- **WORK REQUEST**:
Repeat exactly the lines running from the first line of the data to the line containing "Pour préparer les", both ends included, and nothing else; drop the pictures.

Dataset items
-- Opening Marker --

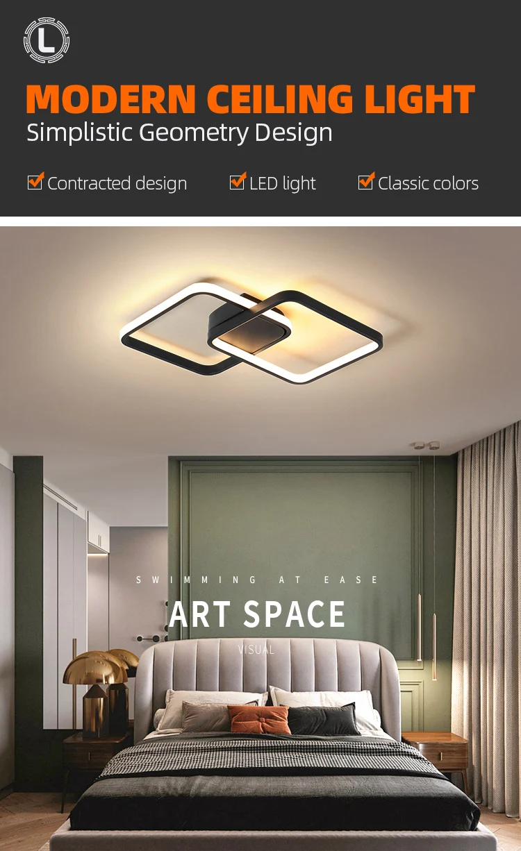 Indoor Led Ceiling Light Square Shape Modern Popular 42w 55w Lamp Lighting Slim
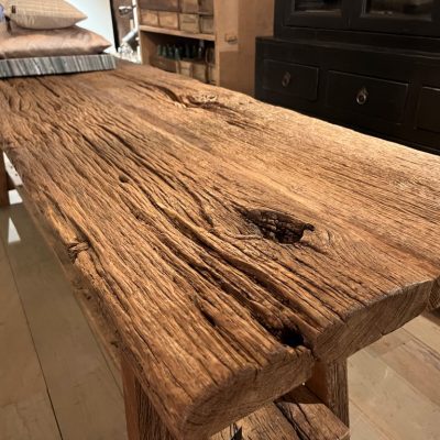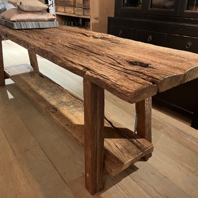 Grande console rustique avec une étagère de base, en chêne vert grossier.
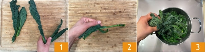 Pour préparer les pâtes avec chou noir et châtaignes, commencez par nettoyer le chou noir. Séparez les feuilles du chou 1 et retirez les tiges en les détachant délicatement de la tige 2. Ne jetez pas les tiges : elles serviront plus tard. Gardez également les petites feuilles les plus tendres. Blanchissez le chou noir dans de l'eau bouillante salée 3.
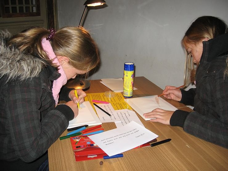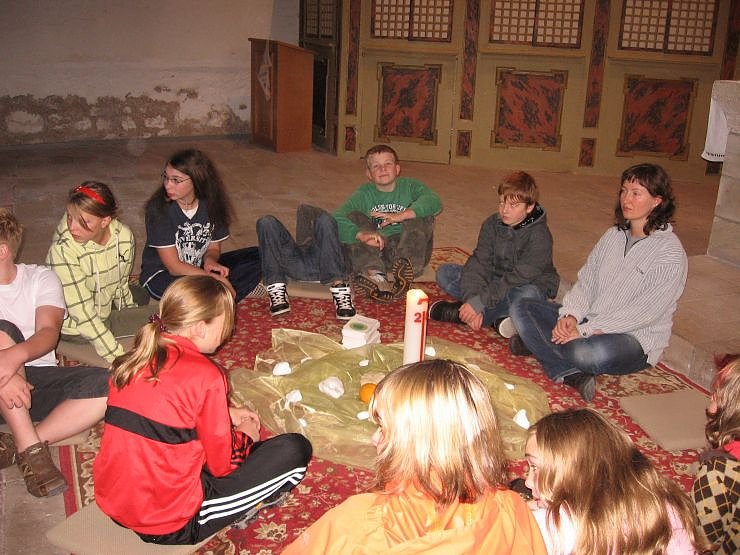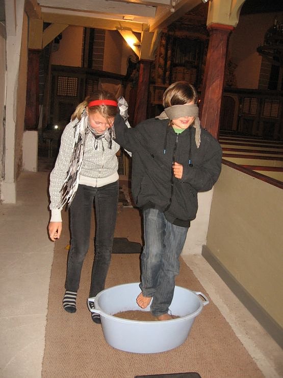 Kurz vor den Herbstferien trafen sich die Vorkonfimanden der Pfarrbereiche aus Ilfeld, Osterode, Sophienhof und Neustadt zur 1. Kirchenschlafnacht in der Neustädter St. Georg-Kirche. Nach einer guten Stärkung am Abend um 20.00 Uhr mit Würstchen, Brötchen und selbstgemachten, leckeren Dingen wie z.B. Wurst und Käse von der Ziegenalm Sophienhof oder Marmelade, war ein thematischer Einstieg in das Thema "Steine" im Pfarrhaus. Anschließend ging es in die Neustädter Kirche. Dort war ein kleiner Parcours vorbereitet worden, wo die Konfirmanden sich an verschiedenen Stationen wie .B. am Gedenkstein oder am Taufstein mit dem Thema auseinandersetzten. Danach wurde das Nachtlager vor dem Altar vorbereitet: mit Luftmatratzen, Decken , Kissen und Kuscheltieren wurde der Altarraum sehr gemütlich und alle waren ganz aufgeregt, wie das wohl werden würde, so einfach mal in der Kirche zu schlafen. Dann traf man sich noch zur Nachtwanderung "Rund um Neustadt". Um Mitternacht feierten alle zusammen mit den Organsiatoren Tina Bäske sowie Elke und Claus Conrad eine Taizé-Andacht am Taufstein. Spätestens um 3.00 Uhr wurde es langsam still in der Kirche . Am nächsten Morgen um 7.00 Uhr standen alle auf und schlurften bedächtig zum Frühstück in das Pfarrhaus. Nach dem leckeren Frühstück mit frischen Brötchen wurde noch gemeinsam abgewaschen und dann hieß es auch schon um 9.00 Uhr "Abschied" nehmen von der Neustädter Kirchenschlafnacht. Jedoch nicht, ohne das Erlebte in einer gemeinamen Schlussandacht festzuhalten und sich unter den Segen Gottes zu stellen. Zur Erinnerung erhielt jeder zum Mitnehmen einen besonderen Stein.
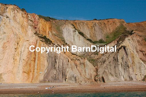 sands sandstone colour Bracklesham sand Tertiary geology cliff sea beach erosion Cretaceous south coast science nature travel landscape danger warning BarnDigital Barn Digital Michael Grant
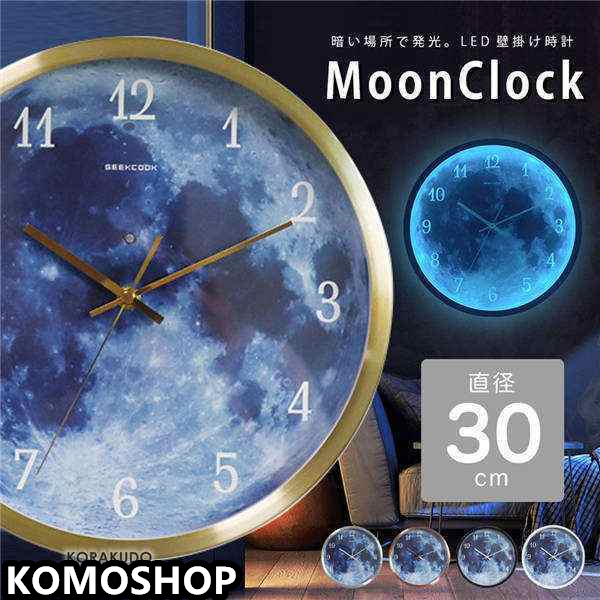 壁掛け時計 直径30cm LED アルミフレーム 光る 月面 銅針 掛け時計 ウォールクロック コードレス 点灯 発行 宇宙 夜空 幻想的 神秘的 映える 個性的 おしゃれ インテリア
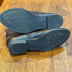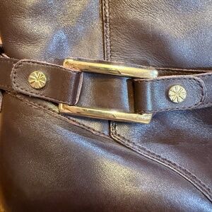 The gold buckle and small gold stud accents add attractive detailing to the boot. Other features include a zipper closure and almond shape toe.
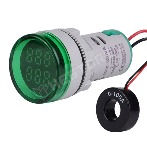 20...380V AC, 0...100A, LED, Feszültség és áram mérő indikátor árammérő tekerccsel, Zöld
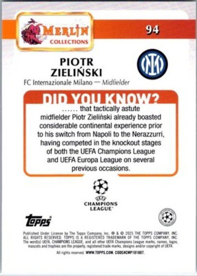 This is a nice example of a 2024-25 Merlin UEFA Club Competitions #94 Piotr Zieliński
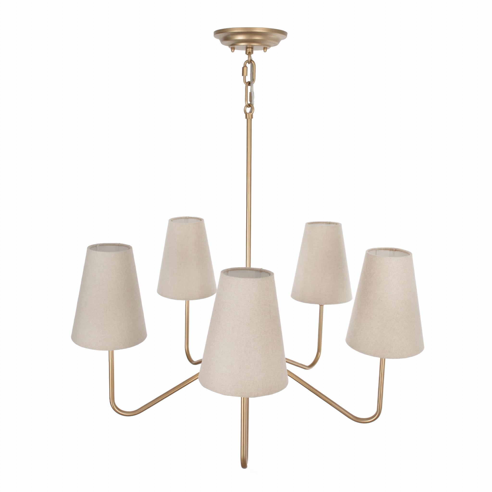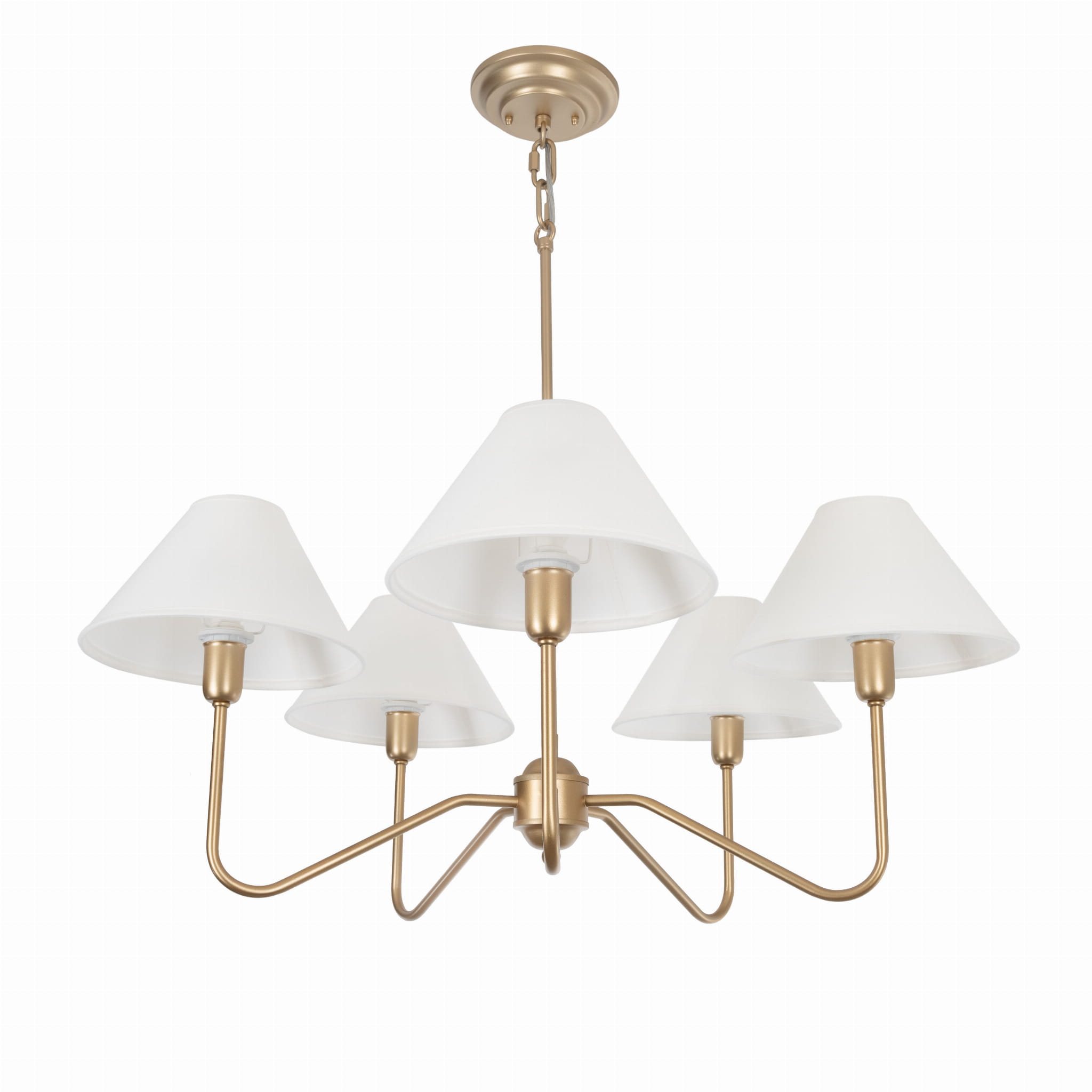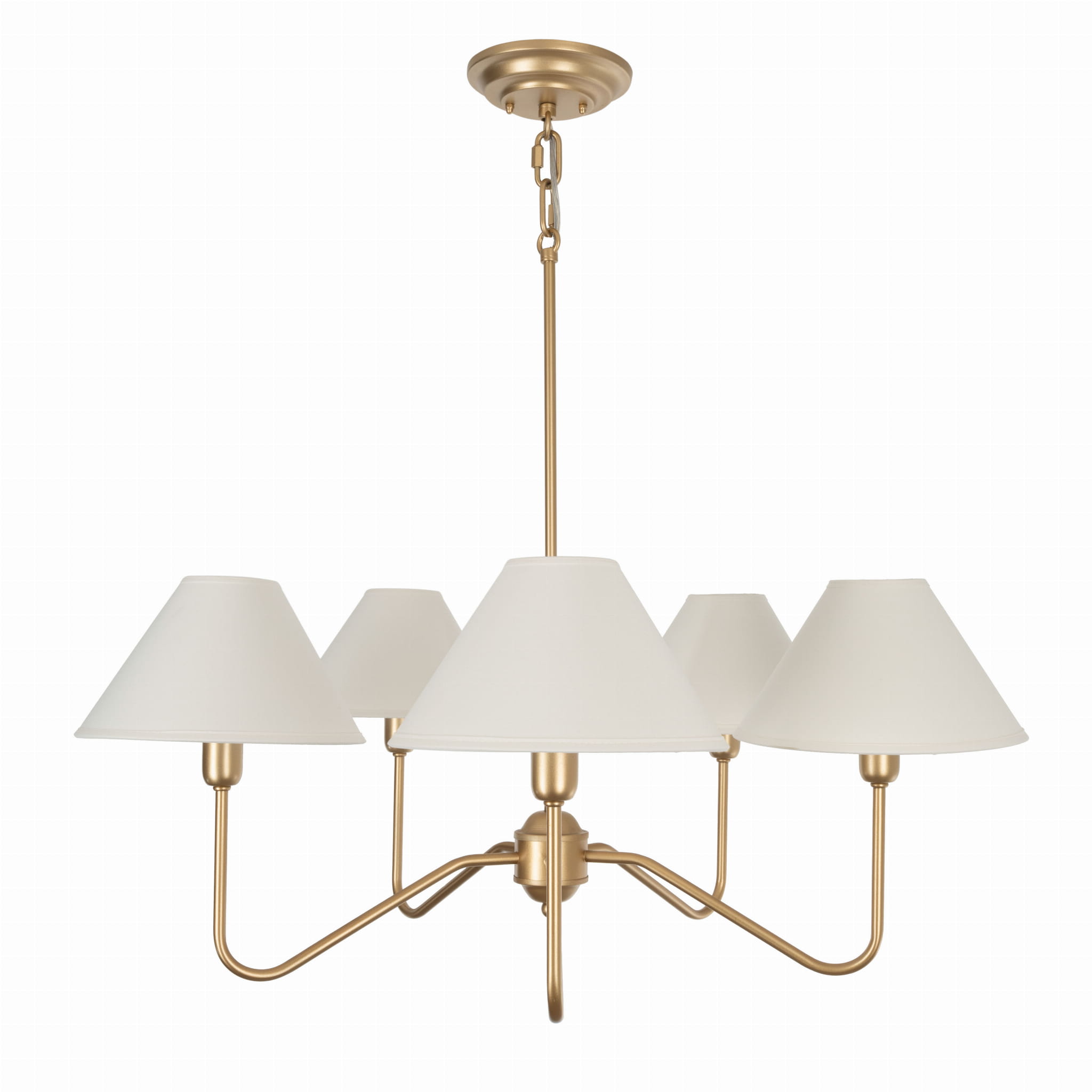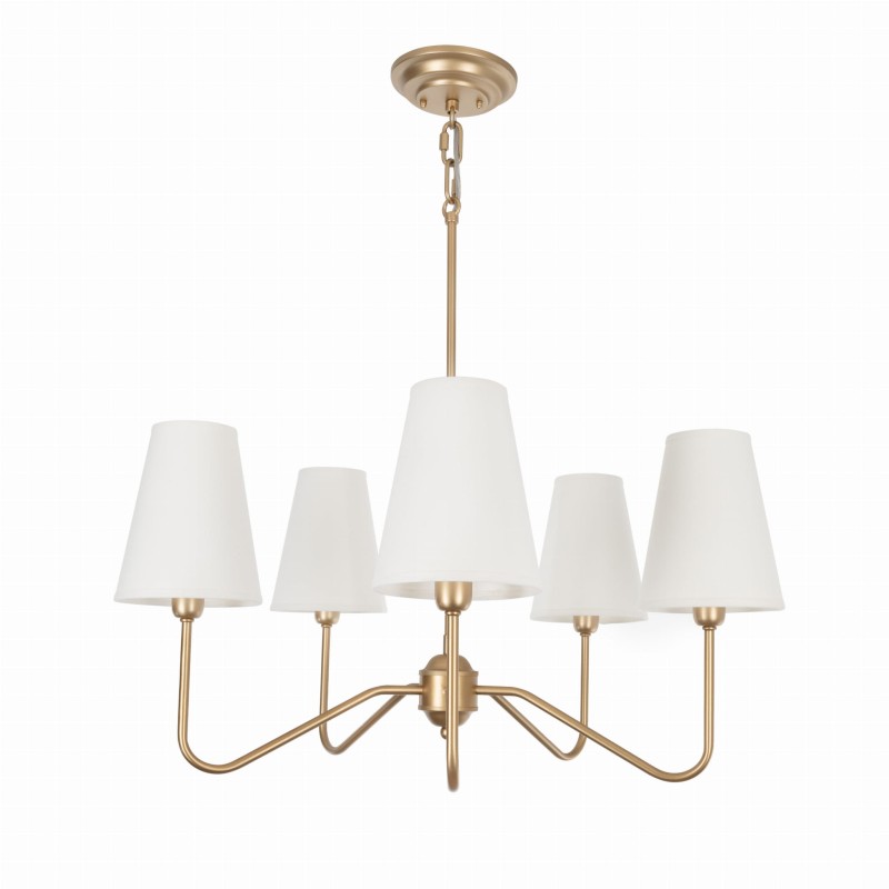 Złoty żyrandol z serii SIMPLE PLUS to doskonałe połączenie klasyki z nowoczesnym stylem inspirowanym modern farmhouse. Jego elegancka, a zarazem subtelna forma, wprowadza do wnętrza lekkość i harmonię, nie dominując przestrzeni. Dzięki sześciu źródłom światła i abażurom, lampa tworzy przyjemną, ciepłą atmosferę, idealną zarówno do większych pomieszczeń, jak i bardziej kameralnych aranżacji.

-- Closing Marker --

- **EXERCISE RESPONSE**:
 Indoor Led Ceiling Light Square Shape Modern Popular 42w 55w Lamp Lighting Slim
 Grande console rustique avec une étagère de base, en chêne vert grossier.
 Pour préparer les pâtes avec chou noir et châtaignes, commencez par nettoyer le chou noir. Séparez les feuilles du chou 1 et retirez les tiges en les détachant délicatement de la tige 2. Ne jetez pas les tiges : elles serviront plus tard. Gardez également les petites feuilles les plus tendres. Blanchissez le chou noir dans de l'eau bouillante salée 3.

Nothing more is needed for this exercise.